The 30-year Treasury rate headed for its biggest one-day jump in more than a year on Thursday after a government bond auction drew weaker- than-expected demand. What’s happening
The yield on the 2-year Treasury
advanced 2.5 basis points to 4.961% from 4.936% on Wednesday.
The yield on the 10-year Treasury
was up 8.3 basis points at 4.605% versus 4.522% Wednesday afternoon.
The yield on the 30-year Treasury
climbed up to 15 basis points to as high as 4.805% from 4.655% late Wednesday. If the size of that jump holds through the end of the New York session, it would be the largest one-day jump since June 13, 2022.
What’s driving markets Treasury’s auction of $24 billion in 30-year bonds Thursday afternoon went poorly, undermining investors’ hopes that demand would hold up for government debt. The weaker-than-expected sale triggered an aggressive selloff in the long-dated bond and sent U.S. stocks to New York session lows.

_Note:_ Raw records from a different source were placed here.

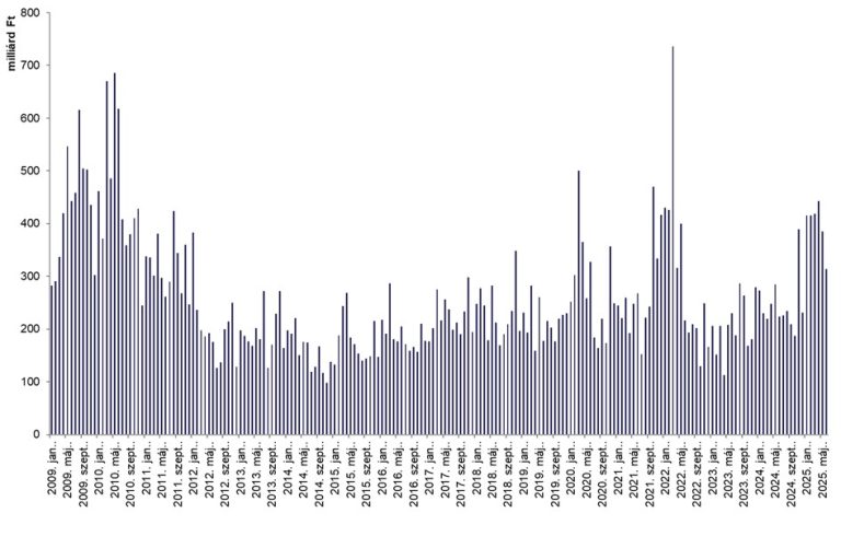 Az azonnali részvénypiac teljes havi forgalma 313,8 milliárd forintot, a napi átlagos forgalom pedig 15,7 milliárd forintot tett ki.
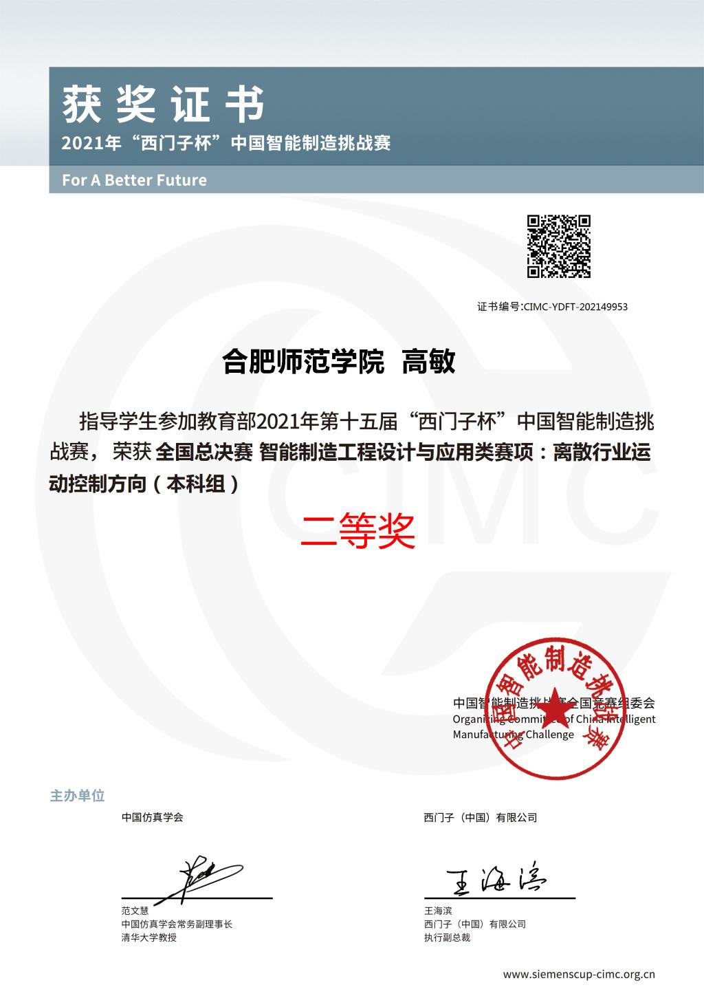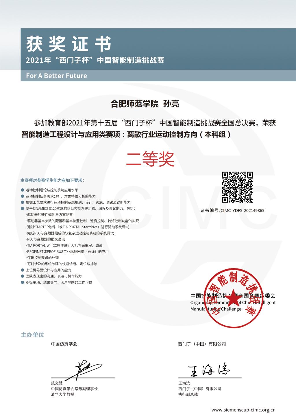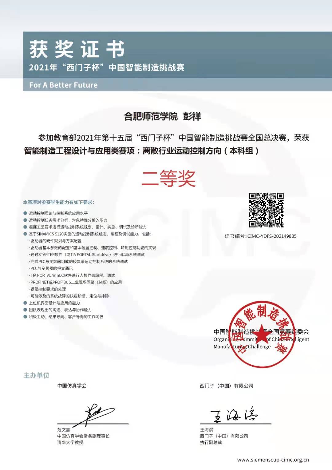 本网讯近日,2021年第15届“西门子杯”中国智能制造挑战赛全国总决赛结果正式揭晓。我院电子信息与电气工程学院学子彭祥、孙亮在申远、高敏两位老师指导下以安徽省赛一等奖的名次晋级全国总决赛,在全国总决赛中获得“离散行业运动控制方向”项目二等奖,这也是该赛事自举办以来我院历史上首次获得国赛奖项。
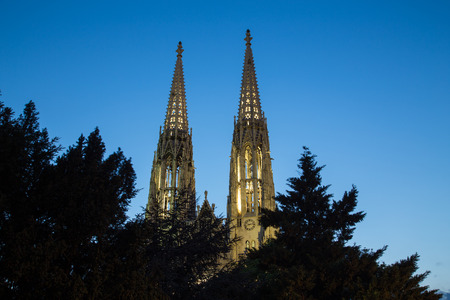 Low angle view of the towers on the Votive Church in Vienna at dusk
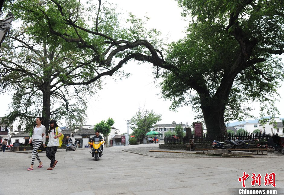 图为宏村村口古树。这两棵拥有500年树龄的大树是这牛形村的“牛角”,宏村的“风水树”,也是一种吉祥的象征。中新网记者 李美多 摄
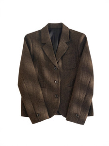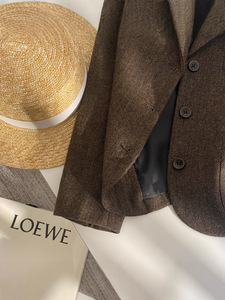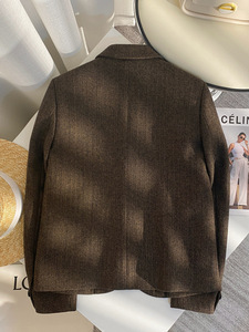 咖啡色人字纹毛呢西装外套女高级设计感小众炸街气质小西服A6733
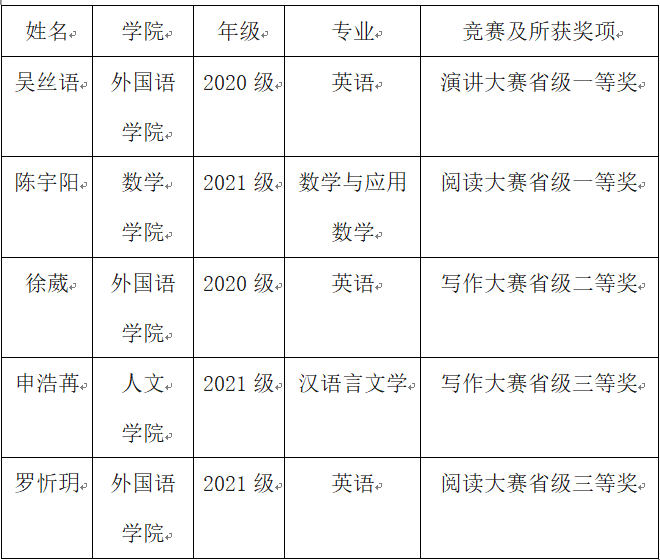 11月4日,2022年“外研社·国才杯”全国英语演讲大赛云南赛区决赛暨写作、阅读大赛颁奖典礼在昆明理工大学举行,永利官网外国语学院2020级英语专业学生吴丝语等5位同学共获得省级一等奖2项、二等奖1项和三等奖2项。

Meanwhile, in remarks prepared for an International Monetary Fund panel on Thursday, Federal Reserve Chairman Jerome Powell said the central bank is wary of “head fakes” from inflation. He also indicated that officials are not yet confident that interest rates are high enough to bring inflation down to 2% over time. His live remarks were interrupted and cut short by a climate-change protester. Data released earlier on Thursday showed that initial jobless claims dipped to 217,000 last week, remaining at low levels typical for a strong labor market. Economists had expected new claims to total 220,000.